__Problem to work on__. Only the lines from the one with "(rpm) 和負載運轉(zhuǎn)發(fā)動機。觀察壓力計(零件號 3824718)或等同物,如果壓差高于" to the end of the data below should be given again, exactly, with both ends included and pictures omitted.

(Data excerpt Opens)

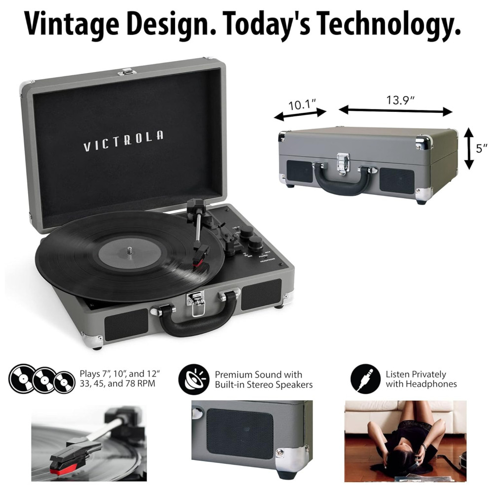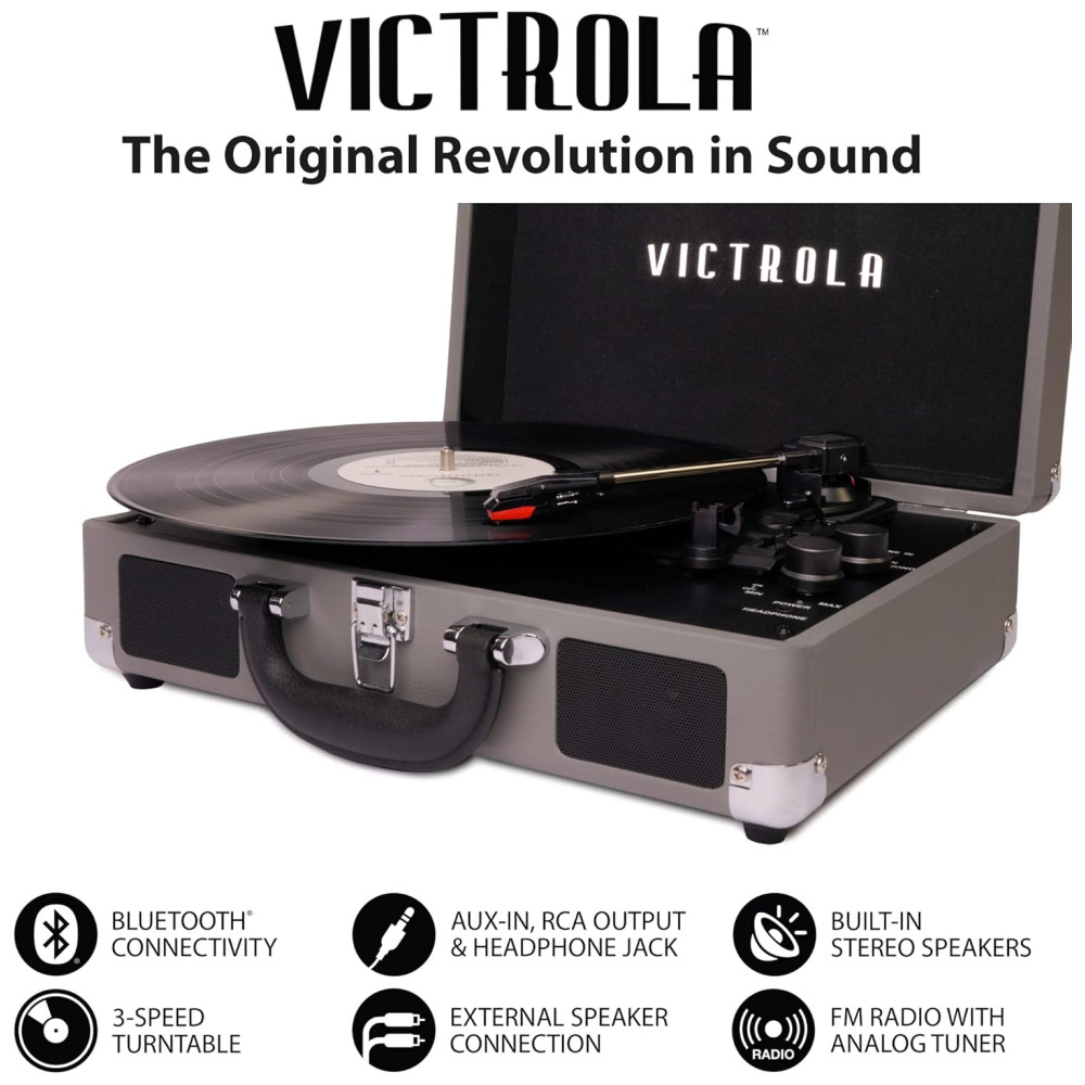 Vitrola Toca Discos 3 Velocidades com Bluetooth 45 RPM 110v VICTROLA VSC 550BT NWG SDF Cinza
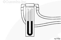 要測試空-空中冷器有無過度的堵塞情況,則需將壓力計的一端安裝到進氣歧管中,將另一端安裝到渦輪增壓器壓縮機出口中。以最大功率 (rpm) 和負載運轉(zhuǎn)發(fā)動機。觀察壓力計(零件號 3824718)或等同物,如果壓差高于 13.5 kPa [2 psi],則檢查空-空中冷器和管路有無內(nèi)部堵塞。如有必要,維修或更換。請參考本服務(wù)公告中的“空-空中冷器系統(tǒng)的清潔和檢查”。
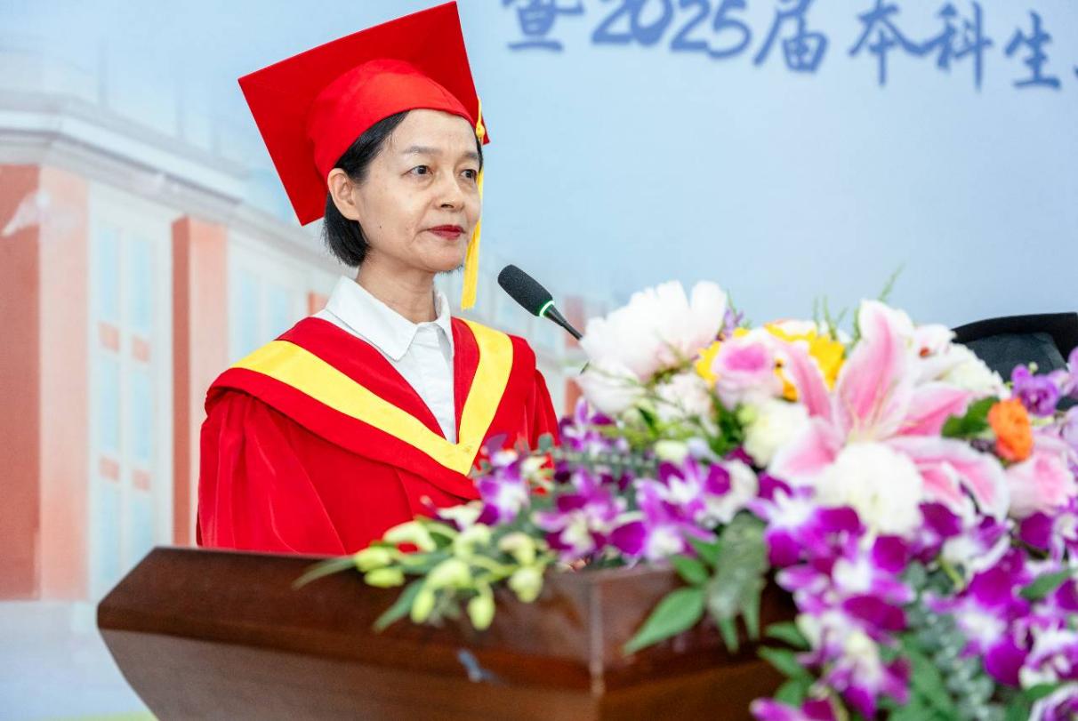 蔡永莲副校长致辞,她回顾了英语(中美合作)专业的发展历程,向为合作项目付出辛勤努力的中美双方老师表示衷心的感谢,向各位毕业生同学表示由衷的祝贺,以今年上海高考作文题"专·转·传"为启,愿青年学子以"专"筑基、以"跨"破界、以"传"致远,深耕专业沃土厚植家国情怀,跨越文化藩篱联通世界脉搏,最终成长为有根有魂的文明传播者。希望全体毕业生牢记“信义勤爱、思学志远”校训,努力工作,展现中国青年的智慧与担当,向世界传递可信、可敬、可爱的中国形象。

(Data excerpt Closes)

__Answer to this exercise__.
 要測試空-空中冷器有無過度的堵塞情況,則需將壓力計的一端安裝到進氣歧管中,將另一端安裝到渦輪增壓器壓縮機出口中。以最大功率 (rpm) 和負載運轉(zhuǎn)發(fā)動機。觀察壓力計(零件號 3824718)或等同物,如果壓差高于 13.5 kPa [2 psi],則檢查空-空中冷器和管路有無內(nèi)部堵塞。如有必要,維修或更換。請參考本服務(wù)公告中的“空-空中冷器系統(tǒng)的清潔和檢查”。
 蔡永莲副校长致辞,她回顾了英语(中美合作)专业的发展历程,向为合作项目付出辛勤努力的中美双方老师表示衷心的感谢,向各位毕业生同学表示由衷的祝贺,以今年上海高考作文题"专·转·传"为启,愿青年学子以"专"筑基、以"跨"破界、以"传"致远,深耕专业沃土厚植家国情怀,跨越文化藩篱联通世界脉搏,最终成长为有根有魂的文明传播者。希望全体毕业生牢记“信义勤爱、思学志远”校训,努力工作,展现中国青年的智慧与担当,向世界传递可信、可敬、可爱的中国形象。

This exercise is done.